═════ Recorded information ═════

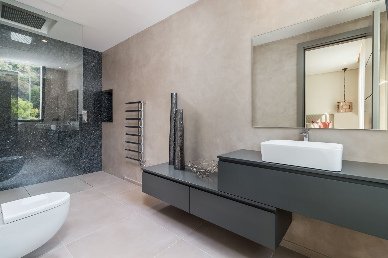 open yet private, with his and her wall hung sink unit behind which is a toilet and a shower, both finished with the most stunning
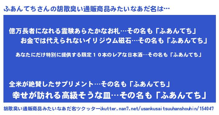 | 男性向けラノベタイトル風あだ名 | 『この素晴らしい世界にふあんてちを!』 |
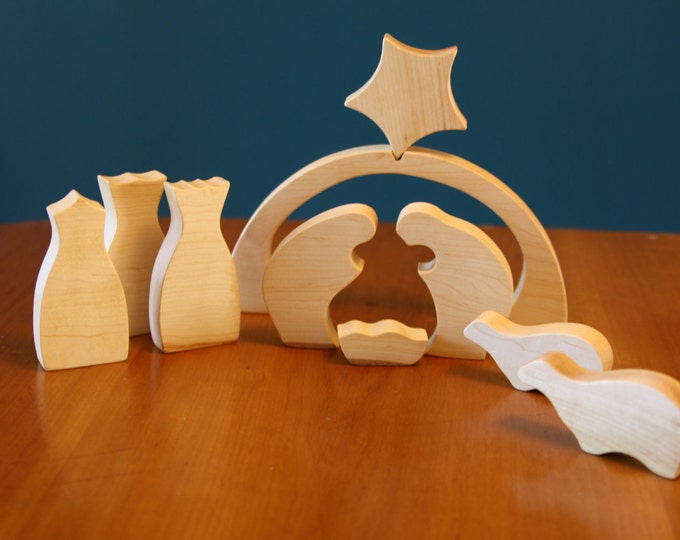 Modern Nativity Set in Wood by Little Alouette 10 piece set

═════

Exercise aim:
Please give the data again in full, exactly as written, but without any images.

Output:
 open yet private, with his and her wall hung sink unit behind which is a toilet and a shower, both finished with the most stunning
 | 男性向けラノベタイトル風あだ名 | 『この素晴らしい世界にふあんてちを!』 |
 Modern Nativity Set in Wood by Little Alouette 10 piece set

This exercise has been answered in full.